Rob Markey: NPS originally stood for Net Promoter Score. It was designed as a way to help marketers, operations folks, call center operators and business leaders figure out the extent to which they were really meeting their objective of earning the loyalty of their customers. You get your Net Promoter Score by asking one simple question: How likely would you be to recommend my company, my product or my service to your friends, your colleagues or your family members? Based on the answer to that question, we can then sort customers. Promoters are the people who are enthusiastically loyal to your brand, your company and your product. They are out there telling all their friends and personally buying more, staying longer and helping build your business. The passives—people who are passively positive—think your stuff is okay. The worst group—the detractors—just really dislike doing business with you. They would leave if they had a choice. They tell their friends how terrible it is to work with you. You get your Net Promoter Score by taking those promoters and subtracting out the detractors.

Fader: The research that you and Fred Reichheld have done has shown that NPS has some amazing associations with other, more bottom-line oriented business metrics. Tell us about those.

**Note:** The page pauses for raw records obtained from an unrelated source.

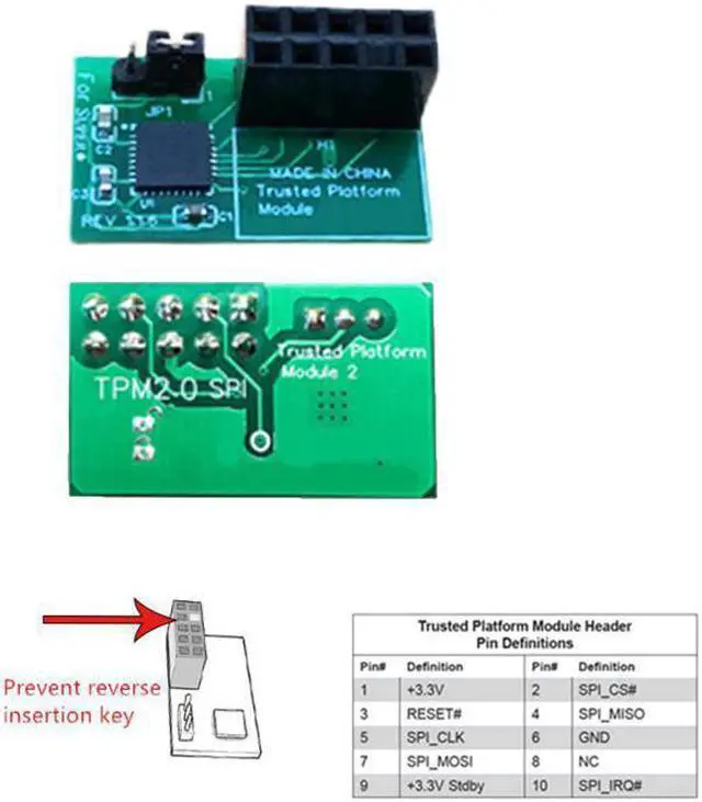 Module Note: Please check the motherboard manual to confirm that your motherboard supports TPM 2.0 technology Some motherboards need to plug in the TPM module or update to the latest BIOS to enable the TPM option. Please cancel other security technologies of the computer before installation.
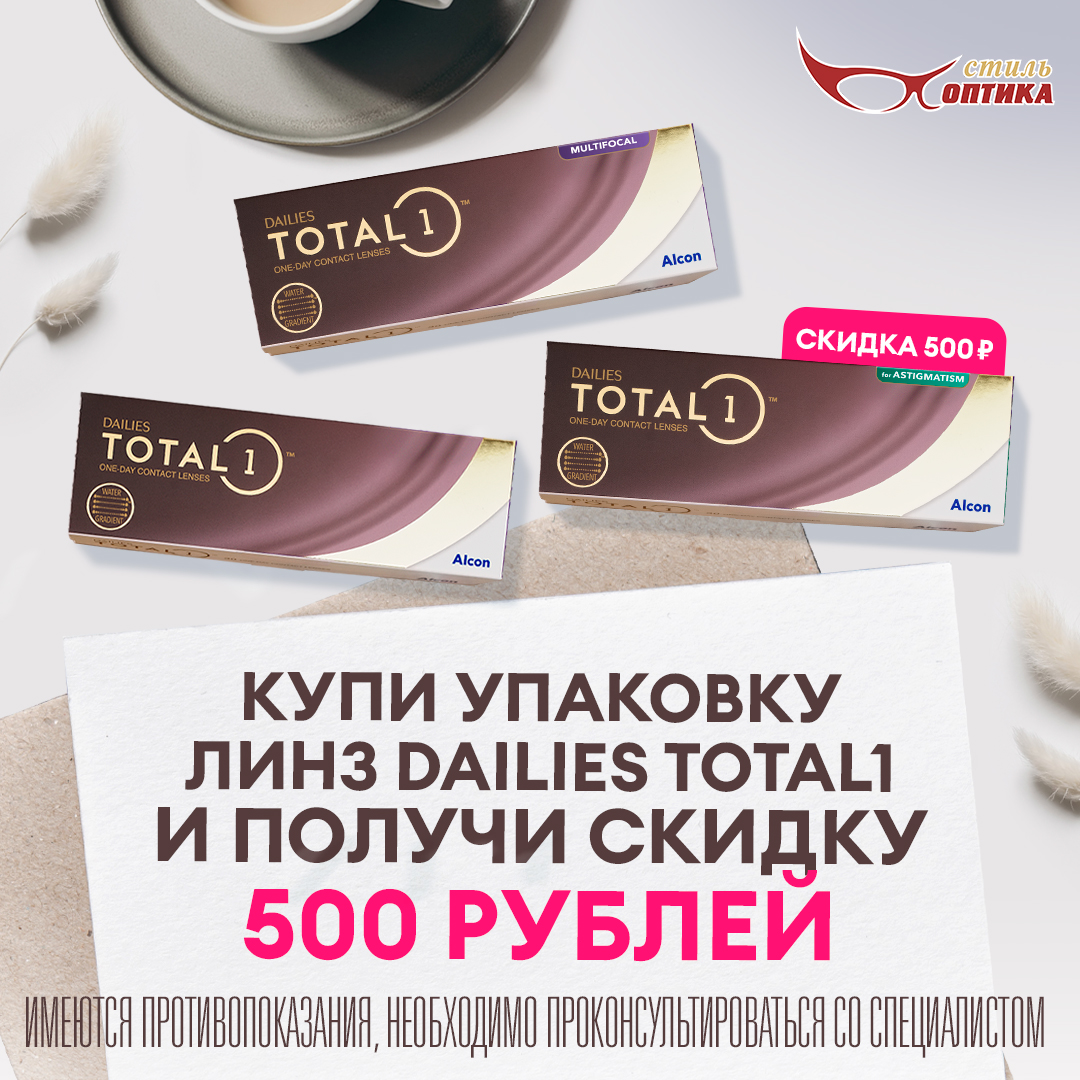 Скидка 500 руб. на контактные линзы Dailies Total1 (сферические , астигматические, мультифокальные) от компании ALCON, срок акции до 20.11.2025 г. Подробности в салонах Стиль Оптика.
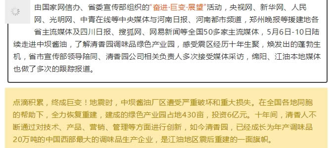 全國50多家主流媒體走近中壩醬油 感受清香園巨大變化
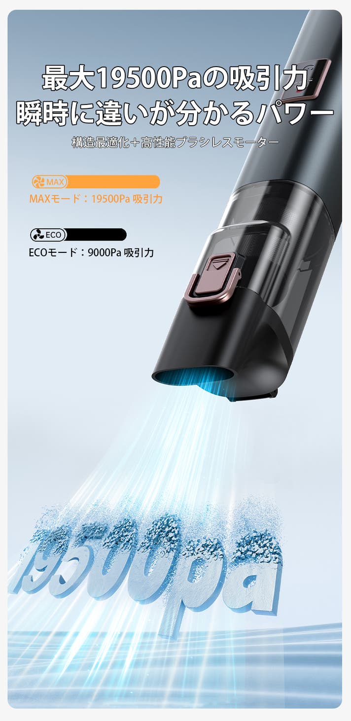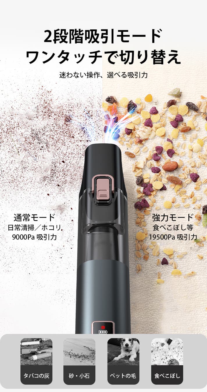 - 2モード切替×最大19,500Paで隙間汚れまでスッキリ!ワンタッチでゴミ捨ても簡単
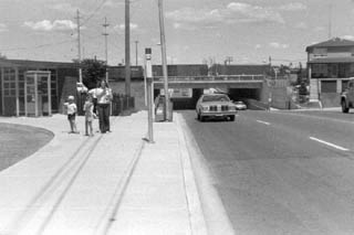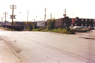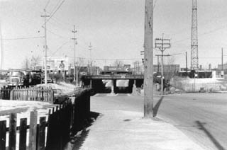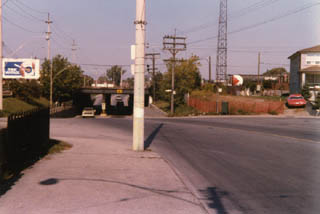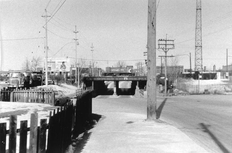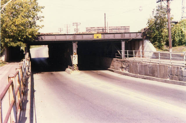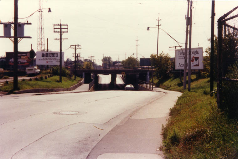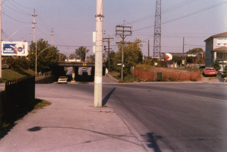Old subway on Runnymede Road, looking north.Galt Subdivision mainline is closest to camera. R.L.Kennedy A new underpass was constructed at Runnymede Road after decades of waiting, widening it from one narrow lane in each direction to two lanes each way. The street alignment was straightened out at the same time eliminating an abrupt curve necessary to take it across the City of Toronto boundary into York Township. The City would not fund the subway but, the Township did. Streetcar tracks once ran through the subway but, were never used. Work began May 25,1982 and re-opened to road traffic August 5,1983. It had been impossible prior to the opening of Toronto Yard to disrupt railway operations to rebuild the underpass. View looking north. Engine 6523 sitting on the bridge January 1981. Note the fencing and compare to next view which shows the new completed underpass. Once again, note the fencing, now you can see how the road was straightened out and widened. New houses are on Maria St. Old floodlight tower has been replaced by a modern one out of view to the right or east. July 1984. Both photos: R.L.Kennedy Note: Both will enlarge. Same view, September 6,
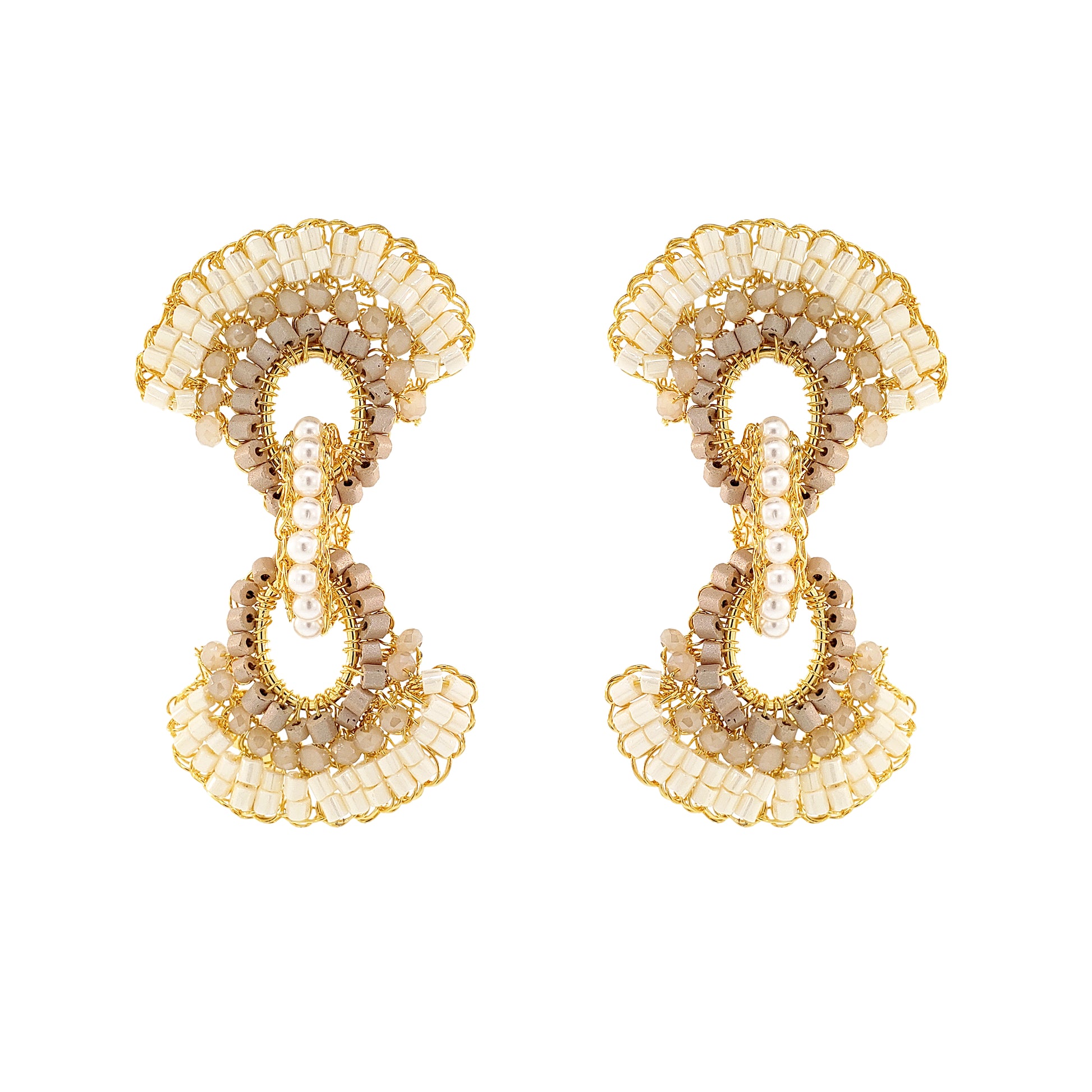 These hand-crocheted earrings were created by highly skilled Brazilian artisans. These shining earrings make a statement without the weight or bulk. They are light, comfortable, and can be worn on any occasion. The sparkling frosty crystals complement the fine handiwork that can be seen in all of my jewelry. Made from hypoallergenic and nickel-free materials. Stunning jewelry that will last for a lifetime. This piece is entirely hand-crocheted, 18 karat Gold Filled made in Brazil.
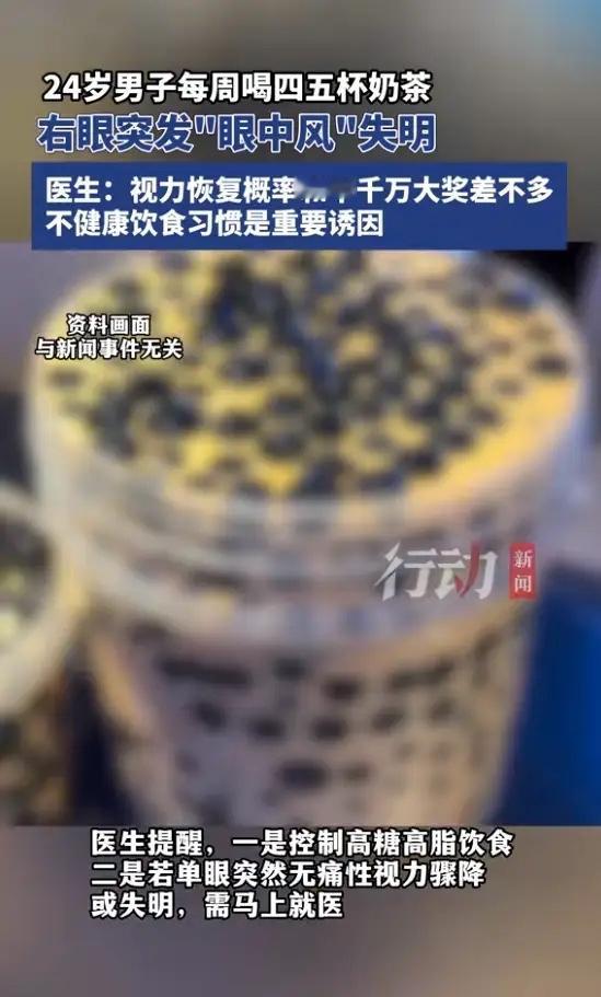 “悲剧还是发生了!”福建福州,一24岁男子没有基础病,但就是喜欢喝奶茶,每周都要喝四五杯,结果某天,右眼突然看不见,他赶紧冲进医院检查,被确诊为“眼中风”,要是延误黄金救治时间,可能会永久失明!网友:爱喝奶茶的我哭了!
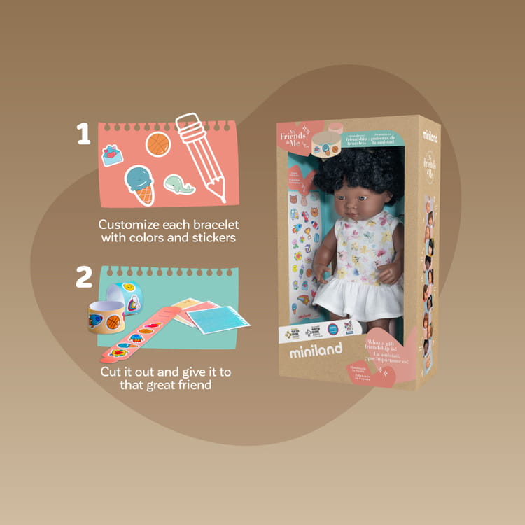 Odkryj magię przyjaźni z 38-centymetrową lalką afrykanką My Friends & Me z nowej kolekcji lalek Miniland. Ta urocza lalka dla dziewczynek i chłopców nie tylko promuje wartość przyjaźni, ale także radość dzielenia się wyjątkowymi chwilami z innymi dziećmi od najmłodszych lat.
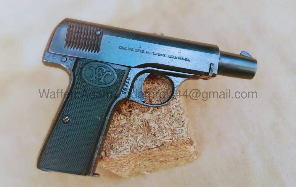 Seltenes Walther Übergangsmodell 3/4, 2.Variante mit Sägezahn Griffrillen. Gesuchte Sammler Waffe.
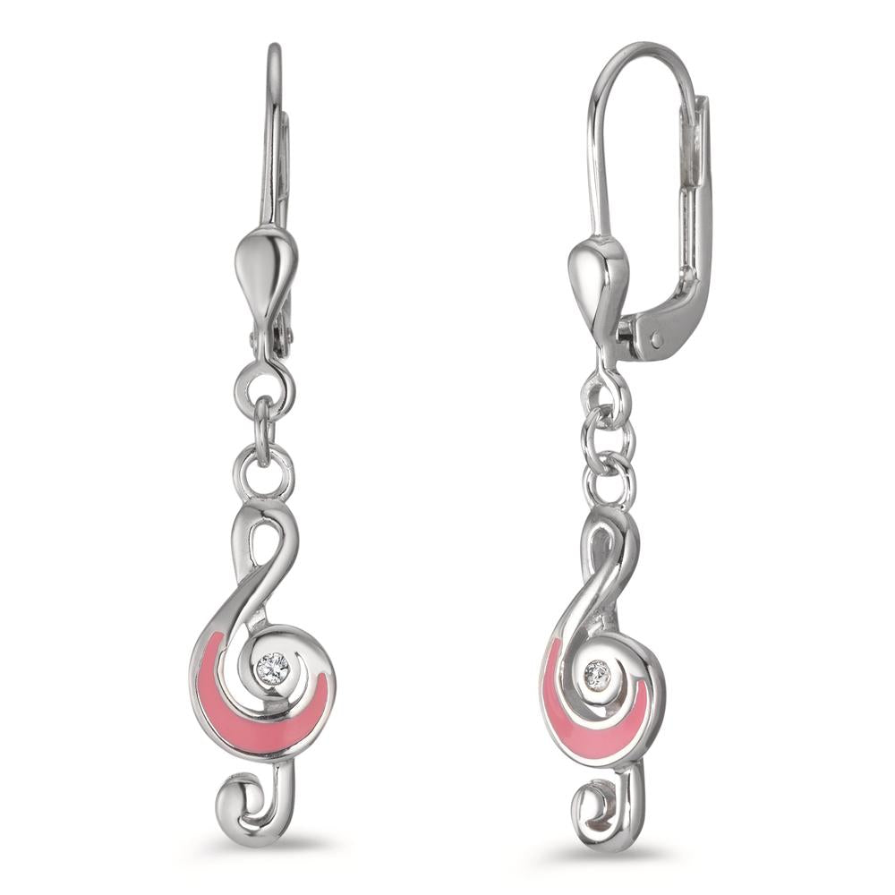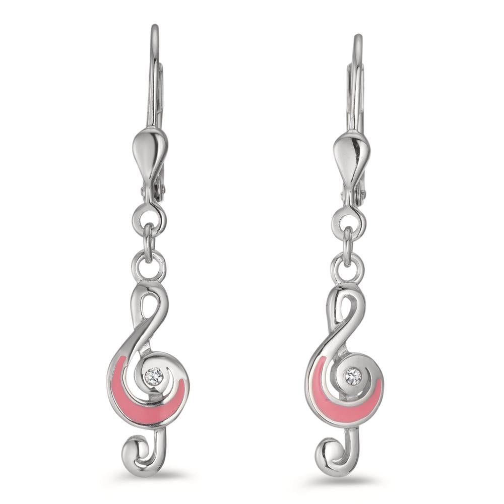 Fine øreringe til piger i sølv, designet som en nodelinie med smuk rosa emalje og glitrende zirkonia-sten. Perfekt til musikelskere, der ønsker et unikt og elegant smykke med legende detaljer. Letvægt og nemme at bære hver dag.
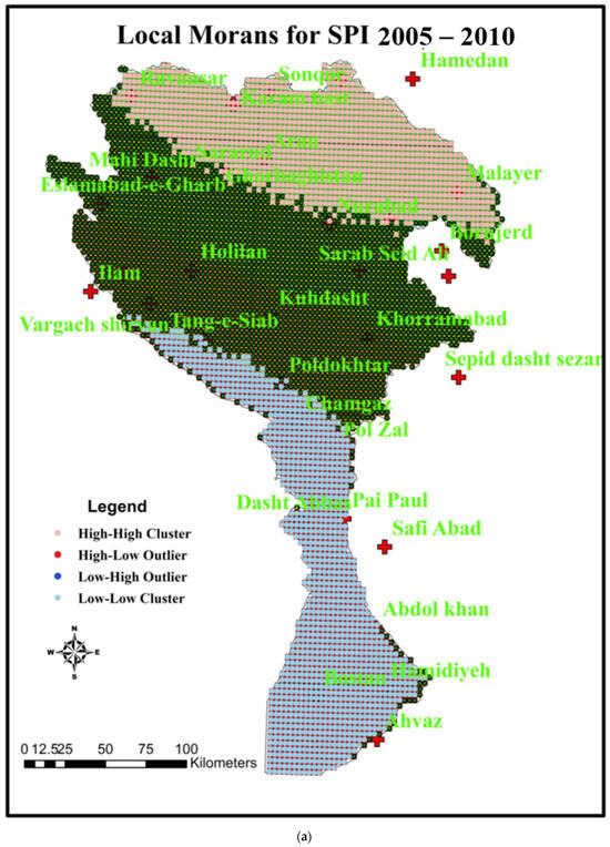 The clusters of local Moran’s I maps extracted from ArcGIS software are presented in Figure 5 and Figure S2. The results of examining Figure 5a and Figure S2a show that the drought clustering pattern in the Karkheh watershed from 1981 to 2016 consisted of two types, namely high–high and low–low. Based on Figure 5a and Figure S2a, in the early years of the period, severe drought was observed in the northern parts of the basin, and in the later years, severe drought was observed in the south and mild drought in the north. In the early years of the statistical period, from 1981 to 1986, the drought in the region consisted of two parts, with severe drought in the northeast, parts of the west, and a small part of the south and mild drought in the southwest, center, and a small part of the northwest. Also, parts of the central and northern parts of the Karkheh watershed did not follow a specific pattern. According to Figure 5a and Figure S2a, in the last years of the period, mild drought was observed in the north of the basin and severe drought in the south. From 2005 to 2010, the drought in the region consisted of two parts, with severe drought in the south of the region and mild drought in the north and east of the region. Also, a large part of the center of the study area did not follow a specific pattern. From 2011 to 2016, severe drought occurred in the southern part and mild drought in parts of the east and west of the region. The local Moran’s I maps based on the SPEI are shown in Figure 5b and Figure S2b. Based on the results, the drought clustering pattern in these areas also consists of two types, namely high–high and low–low. In the early years, the north of the region experienced severe drought, and in recent years, a severe drought has impacted the southern portion of the basin. Also, at the beginning of the statistical period, from 1981 to 1986, the drought in the region consisted of two parts, with severe drought in the north and west of the region and mild drought in parts of the south and center of the region. Also, in the final years of the statistical period, based on Figure 5b and Figure S2b, from 2005 to 2010, the drought in the region consisted of two parts, with severe drought in the south and west of the region and mild drought in the north of the region. From 2011 to 2016, severe drought was also observed in the south of the region and mild drought in the center of the basin.
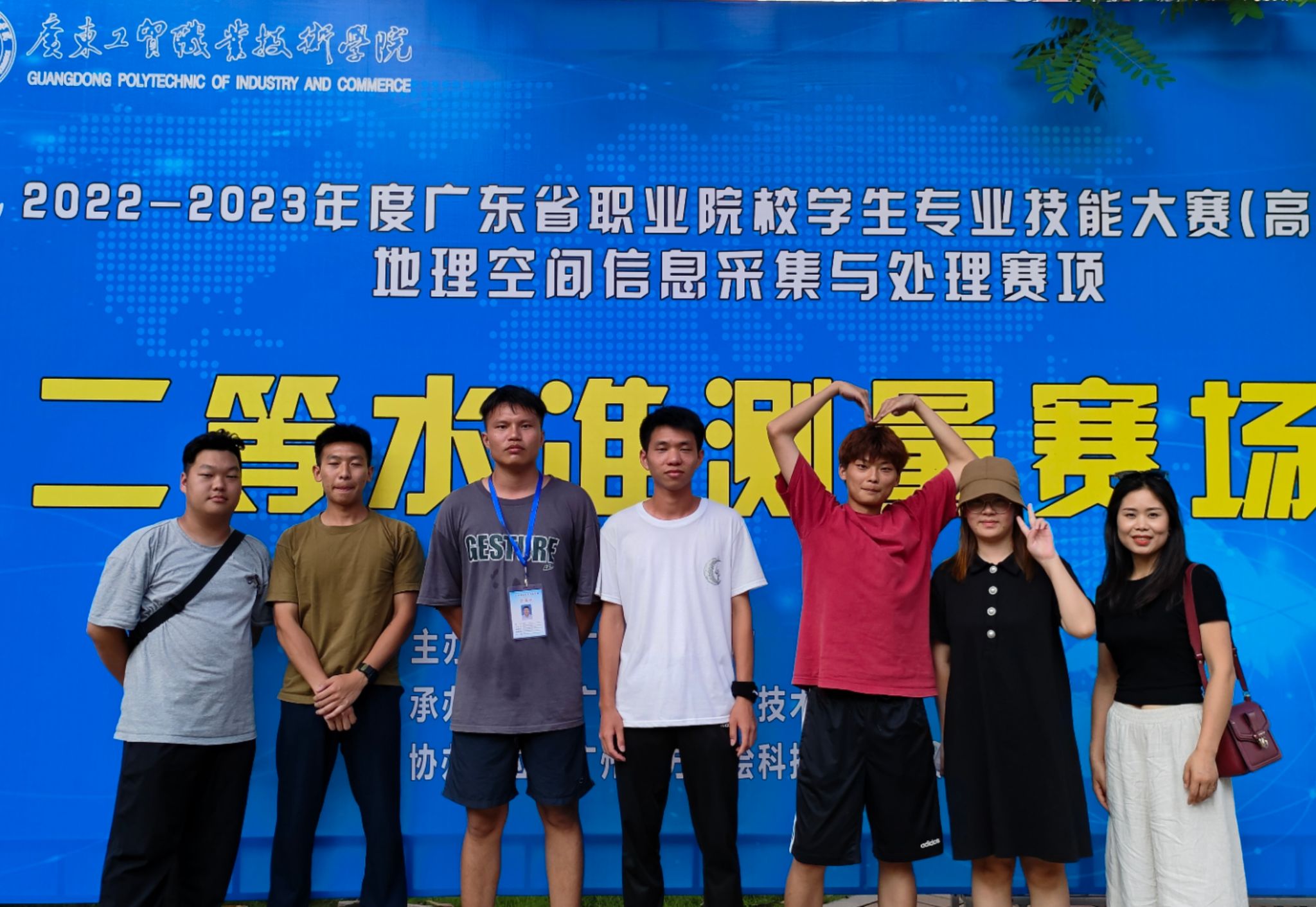 5月26日-28日,由广东省教育厅主办的2022-2023年度广东省职业院校学生专业技能大赛“地理空间信息采集与处理”赛项在广东工贸职业技术学院举办。大赛共有21所院校、84名选手同台竞技,围绕二等水准测量、1:500数字测图、工程放样等内容展开激烈角逐。我校best365网页版登录测绘地理信息技术专业学生(黄江东、郭景钦、杨明培、江之斌),在章琼主任领队,陈浩楠、廖明惠两位老师的悉心指导下,团结合作、奋力拼搏,最终荣获总分排名第六,团体二等奖的好成绩。
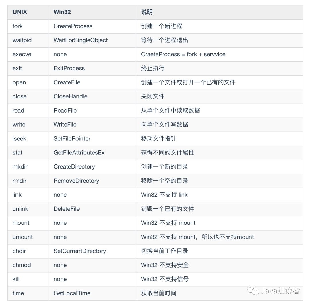 Win32 接口中没有文件的链接、文件系统的 mount、umount 和 stat ,当然, Win32 中也有大量 UNIX 中没有的系统调用,特别是对 GUI 的管理和调用。

Markey: It boils down to the fact that individual customers behave consistently with the designations “promoter,” “passive” and “detractor.” If you are a promoter, you are buying more, staying longer, telling your friends and building the business. The detractor is doing just the opposite. That’s the foundation. On top of that, we have discovered that if you compare one company’s score to another company’s score in the same industry and in the same market, you will find that the one that has a higher score tends to outgrow the one with the lower score. In fact, the Net Promoter Score leader in an industry, in a market, tends to outgrow its competitors by a factor of more than two-and-a-half to one. That was the thing that started to really make this catch on, because people understood suddenly, “If I can grow my Net Promoter Score, then I can get more customers to stay longer, buy more and tell their friends. I can outgrow my competitors, and I can even, in some cases, achieve a cost advantage.”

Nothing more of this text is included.